#### ASSIGNED TASK:
Starting at the line that contains "音符项链满钻纯银吊坠锁骨链女小众轻奢毛衣链高级感送女友闺蜜", write out each line through the end of the data below, exactly as it stands. Skip any pictures.

#### DATA EXCERPT:
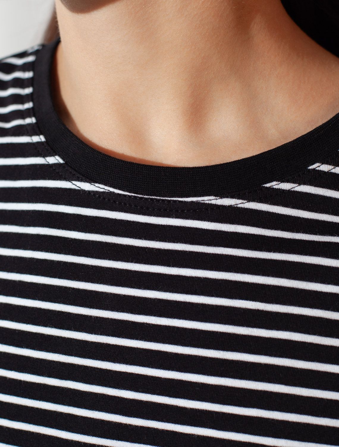 Базовая футболка в полоску полуприлегающая из премиального хлопка с эластаном D49.155 черный-белый
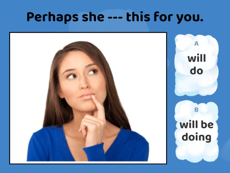 1) Perhaps she --- this for you. a) will do b) will be doing 2) They --- to the party. a) will probably go b) will probably be going 3) We --- the news at 10pm tonight. a) will watch b) will be watching 4) Maybe she --- a language course in Malta. a) will do b) will be doing 5) I'll try my best to find you at the station. What ---? a) will you wear b) will you be wearing 6) At noon tomorrow, I --- on a beach somewhere. a) will lie b) will be lying 7) I think I --- the chicken. a) will have b) will be having 8) Sorry, I can't. I --- my daughter to work at that time. a) will drive b) will be driving 9) Look, that’s my bus. I --- with you later. a) will catch up b) will be catching up 10) This time next week, I --- lunch with Mr Brown. a) will have b) will be having
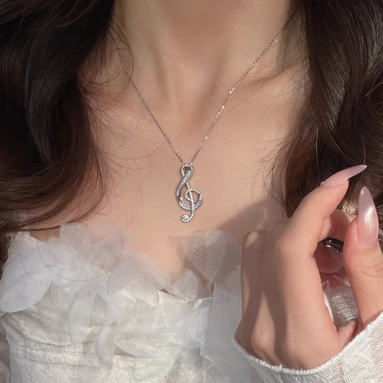 音符项链满钻纯银吊坠锁骨链女小众轻奢毛衣链高级感送女友闺蜜
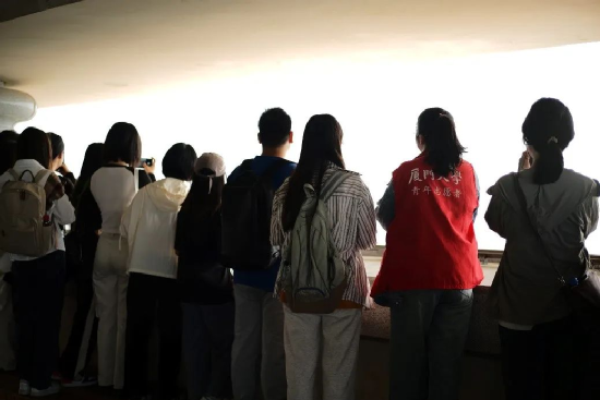 全体成员在志愿者的引导下,了解校区内的每一栋建筑,“映雪公寓”“成智楼”“爱秋体育馆”,校区内的每栋建筑无不延续着嘉庚建筑风格,到达德旺图书馆前广场后,集体到陈嘉庚先生的雕像表示了深深的敬意。

#### EXPECTED ANSWER:
 音符项链满钻纯银吊坠锁骨链女小众轻奢毛衣链高级感送女友闺蜜
 全体成员在志愿者的引导下,了解校区内的每一栋建筑,“映雪公寓”“成智楼”“爱秋体育馆”,校区内的每栋建筑无不延续着嘉庚建筑风格,到达德旺图书馆前广场后,集体到陈嘉庚先生的雕像表示了深深的敬意。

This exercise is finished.